Jozf
Jozf

Reputation: 161

TypeError: Object type <class 'str'> cannot be passed to C code

I am trying to implement aes encryption and decryption in python. When I execute code, it returns error. I have installed anaconda on my machine. I am running scripts in jupyter notebook.

!pip install pycryptodome

import base64
from Crypto import Random
from Crypto.Cipher import AES

BS = 16
pad = lambda s: s + (BS - len(s) % BS) * chr(BS - len(s) % BS)
unpad = lambda s : s[0:-ord(s[-1])]

class AESCipher:

    def __init__( self, key ):
        self.key = key

    def encrypt( self, raw ):
        raw = pad(raw)
        iv = Random.new().read( AES.block_size )
        cipher = AES.new( self.key, AES.MODE_CBC, iv )
        return base64.b64encode( iv + cipher.encrypt( raw ) )

    def decrypt( self, enc ):
        enc = base64.b64decode(enc)
        iv = enc[:16]
        cipher = AES.new(self.key, AES.MODE_CBC, iv )
        return unpad(cipher.decrypt( enc[16:] ))
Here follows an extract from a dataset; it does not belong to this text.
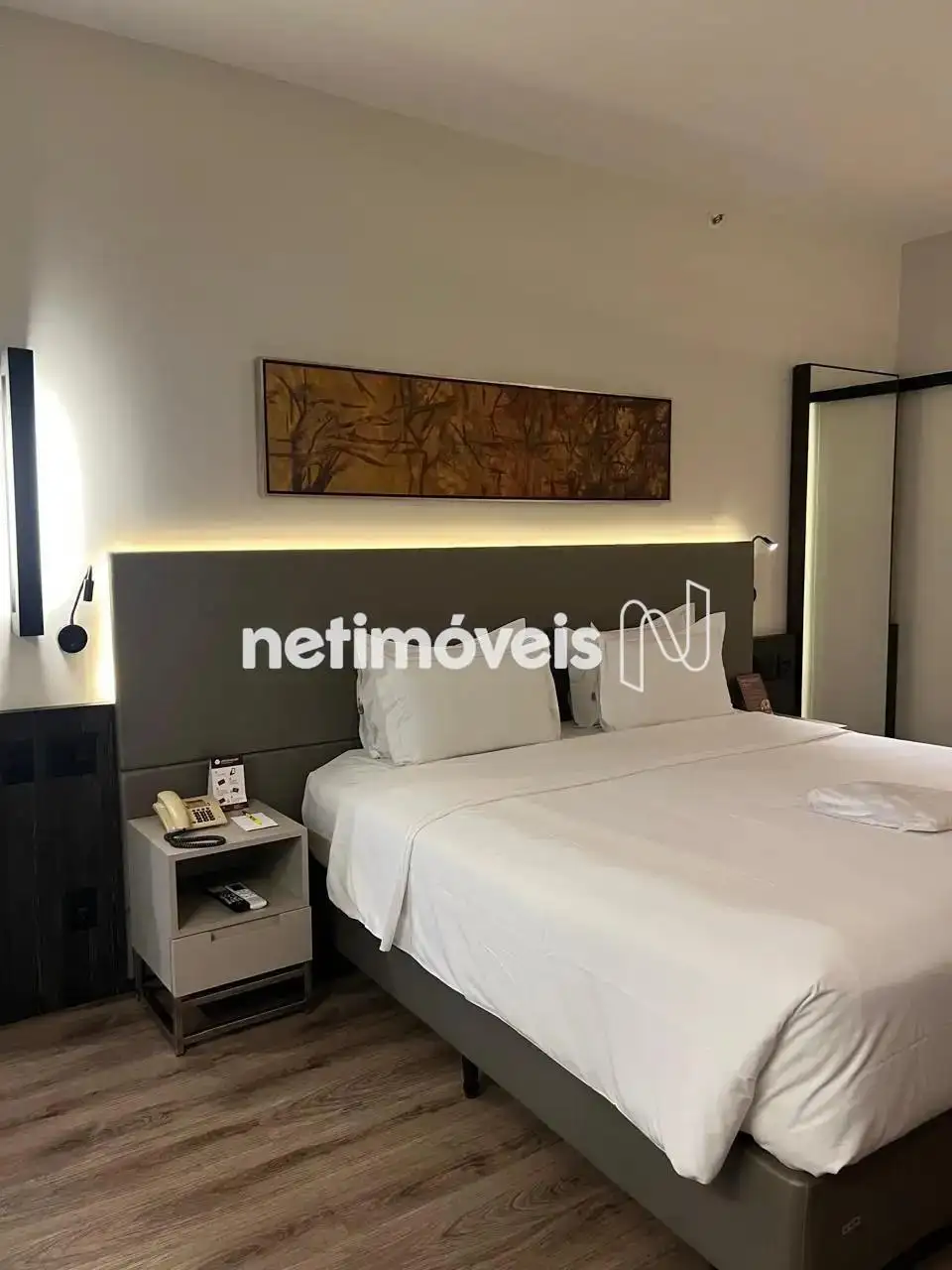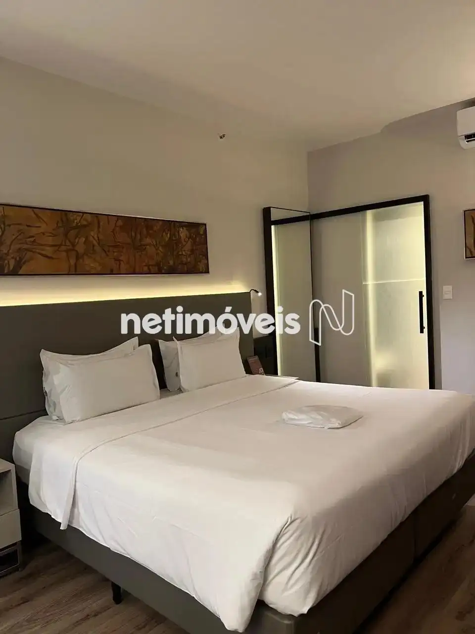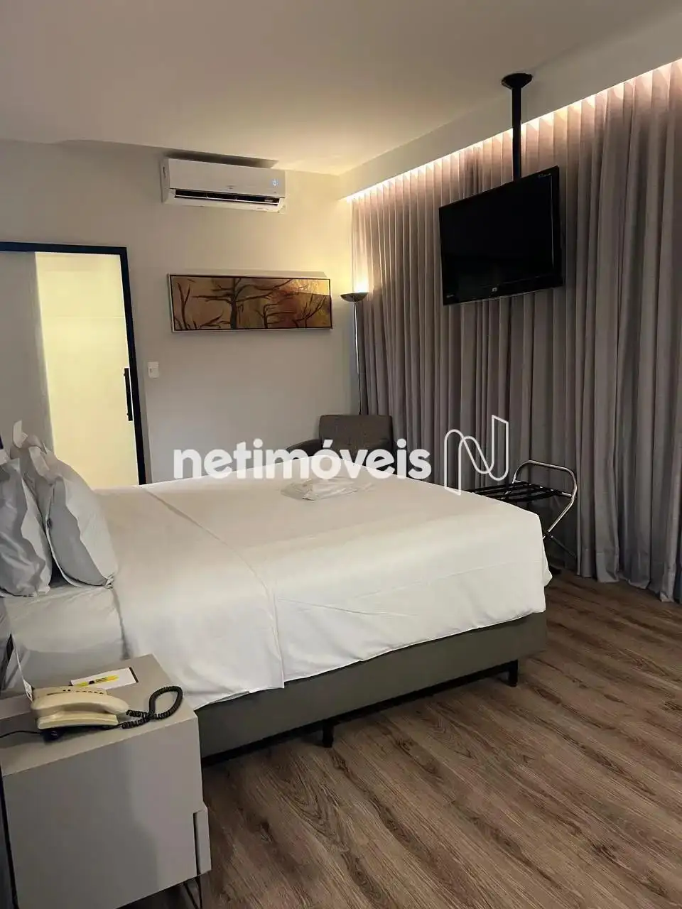 O imóvel possui 01 quarto equipado com Wi-Fi, televisão, cama confortável, ar condicionado e frigobar. O ambiente é iluminado por duas amplas janelas que proporcionam uma agradável luz natural. A suíte conta com armários planejados e uma rouparia, garantindo praticidade e organização.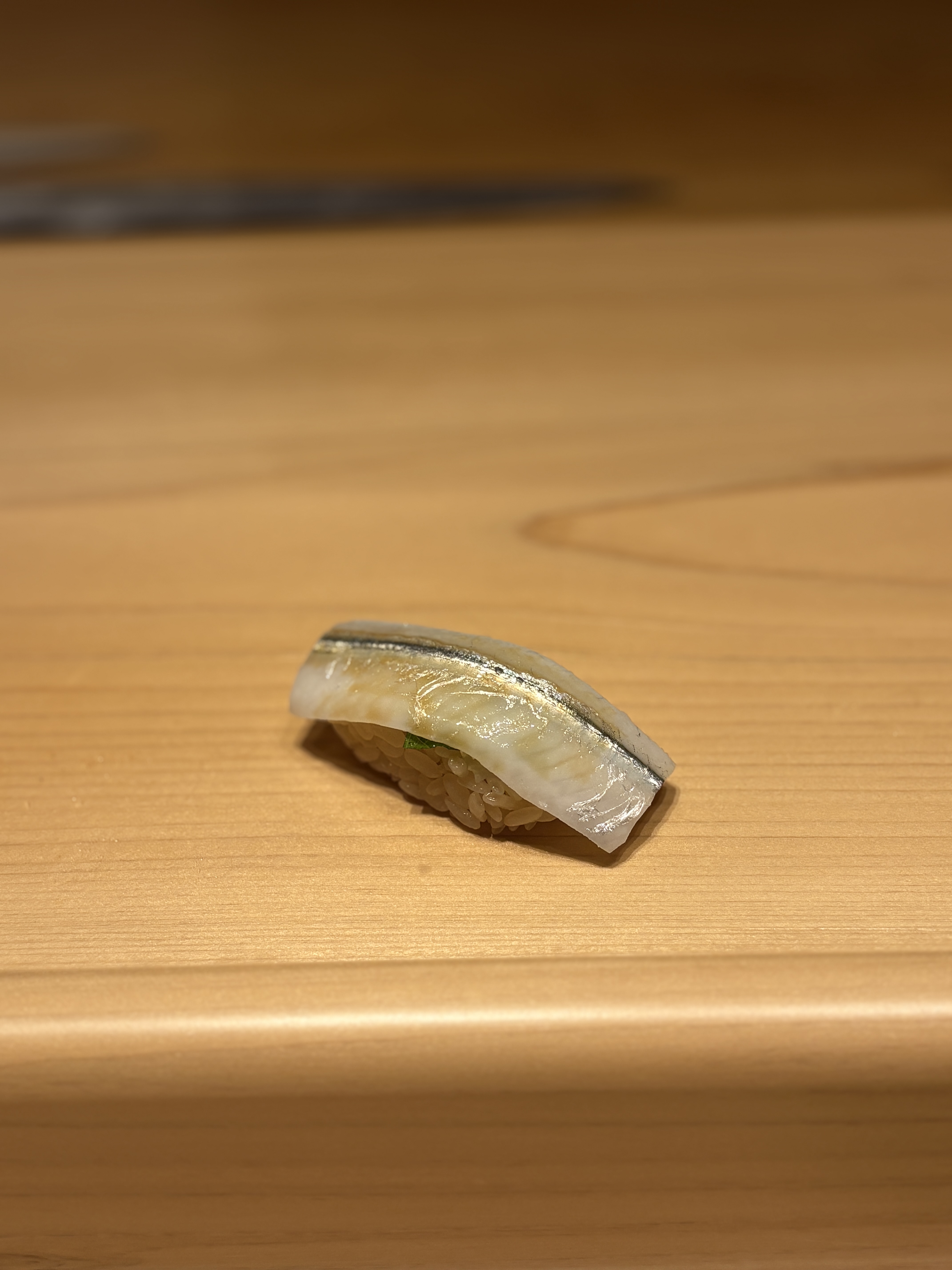 임팩트가 큰 친구들이 나오다가 이젠 섬세함이 생명인 친구로 전환됩니다. 학꽁치인 사요리. 수분, 칼질, 온도가조금이라도 어긋나면 바로 싸구려 맛으로 전락해버리는 녀석이죠. 본래 맛자체가 강하지 않기 때문에 미묘하게 올라오는 단맛과 식감, 그리고 수분감으로 먹는 스시라서 재료를 다루는 솜씨를 볼 수 있는 한 점 이었습니다.

cipher = AESCipher('mysecretpassword')
encrypted = cipher.encrypt('Secret')
decrypted = cipher.decrypt(encrypted)
print(encrypted)
print(decrypted)

How to solve this ?

Upvotes: 2

Views: 14562

Answers (2)

Growyn
Growyn

Reputation: 31

//First pip install pycryptodome -- (pycrypto is obsolete and gives issues) // pip install pkcs7

from Crypto import Random
from Crypto.Cipher import AES
import base64
from pkcs7 import PKCS7Encoder
from app_settings.views import retrieve_settings # my custom settings

app_secrets = retrieve_settings(file_name='secrets');


def encrypt_data(text_data):
                    #limit to 16 bytes because my encryption key was too long
                    #yours could just be 'abcdefghwhatever' 
    encryption_key = app_secrets['ENCRYPTION_KEY'][:16]; 

    #convert to bytes. same as bytes(encryption_key, 'utf-8')
    encryption_key = str.encode(encryption_key); 
    
    #pad
    encoder = PKCS7Encoder();
    raw = encoder.encode(text_data) # Padding
    iv = Random.new().read(AES.block_size ) #AES.block_size defaults to 16

                                 # no need to set segment_size=BLAH
    cipher = AES.new( encryption_key, AES.MODE_CBC, iv ) 
    encrypted_text = base64.b64encode( iv + cipher.encrypt( str.encode(raw) ) ) 
    return encrypted_text;

Upvotes: 1

Ahmed Yousif
Ahmed Yousif

Reputation: 2348

just update unpad to be unpad = lambda s : s[0:-ord(s[-1:])] the main issue that ord() expects string of length one if you try to print value of s[-1] it prints 10 which not one char but s[-1:] printed value is b'\n' which is one char

also encode key to be bytes bytes(key, 'utf-8') and pad

pad = lambda s: bytes(s + (BS - len(s) % BS) * chr(BS - len(s) % BS), 'utf-8')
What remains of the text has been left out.